Лаялся Неронов, а царев духовник лишь кротко улыбался изумрудными глазами, и сквозь ковыль снежной бороды ответные слова истекали устало, бесплотно, но были живые, теплые, как полуденный июльский, едва колышащий аер:
«Вот про то и молвлю, братец... Ежли мы великие, как хочется верить, то чего нам пугатися? А раз некого бояться, слон же не боится мыша, то и надо разлиться верою и всех принять и позвать с миром: идите, христовенькие, под наш венец! То и будет истинный третий Рим. А мы сховались, заугольники, в своей хиже, сидючи в ремках, приткнулись за тын, да оттуда и лаем с испугу: де, мы третий Рим! А и никто, братец ты мой, нас и не слышит».
«Слышит, кто хощет, ибо кто имеет уши, да слышит. Слышать, вот, не хотят, а глухим Божье слово невдомек...»
«Нет и нет, братец. Мы вознепщевали на весь белый свет, де, выше нас нет. А коли выше нас нет, то и должны притечь к ославленным и осиротенным, кого ошавил басурманин и еретик, и всех ублажить, не жалея животов своих. Иначе латинник одолеет Русь. Он, как жук древоточец, пилит норы в русийском древе и в стулцах, подпирающих православный храм. Вы и не заметите от спеси, что станут стулцы, как решето, и вдруг сокрушится церква и погребет вас в своей клети. А Господь лишь руками разведет сокрушенно: дурни, ой и дурни-и. Ревность в тебе горит, Иоанн, а не правда: завидуешь, батько, что царь Никона выделил из протчих, а не тебя. Учит Марк-евангелист: ничто входящее в человека извне не может осквернить его, но что исходит из него, то оскверняет человека...»

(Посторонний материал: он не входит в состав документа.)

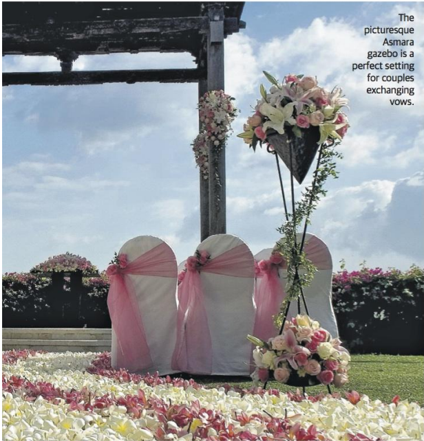
The picturesque Asmara gazebo is a perfect setting for couples exchanging vows.
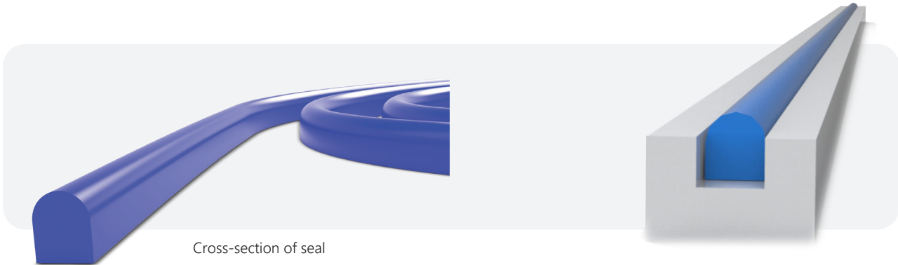
Cross-section of seal
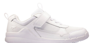
Plain black, white or grey trainers
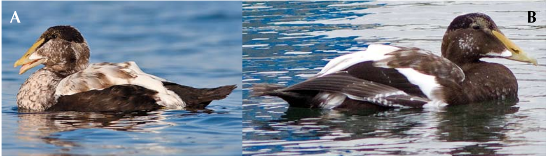
FIGURE 6 Common Eiders / Eiders Somateria mollissima . A presumed S m mollissima , second calendar-year male, east coast, Sweden, 20 October 2009; B presumed mollissima , adult male, west coast, Sweden, 12 September 2013. Sails and to some extent bill colour bring borealis to mind but are within variation of mollissima . Position of nostril fits mollissima better, as does forehead shape. Bird in 6A is in eclipse plumage, not uncommon in males that linger along Swedish coasts in late October. Bird in 6B illustrates how challenging identification can be. It held its sails erect most of the time over period of several weeks. Furthermore, in some photographs, outer webs appear to have pointed tips.

when looking at forehead shape, with birds from the Baltic/Wadden Sea flyway population being most distinct from borealis in this respect. Depending on which features are more important as isolating factors, the definition of the subspecies might deserve further exploration, given also that the genetic relationships need clarification.
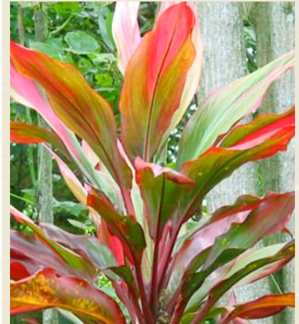
Ti Leaf--The ancient healing plant of Hawaii

Complementary Breast Cancer Treatment Fund

«Аль забыл, праведник? Ядый хлеба во всякий день, помни: не едим хлеба горячего и гораздо мягкого, да пусть переночует... И не всякое слово входящее – добрый злак. Иное слово хуже головни и спорыньи и, вспрыгнув в душу, вгонит ее в пагубу, и ну катать да мучить. Ведомо, ты и долгое выставишь за круглое. Посеял ты с Никоном ветер, и батюшку-государя ввел в смуту. Я писал даве Алексеюшке: де, очнись, свет-царь, роют под тебя сатанаиловы дети, ино рожать тебе вскоре бесов. Открылось мне: не успеет дважды лето обернуться, побежит Никон-затейщик прочь из Москвы, никем не гоним, яко заяц. И слава Богу, не доведется видеть тебе той позоры, что сам и измыслил».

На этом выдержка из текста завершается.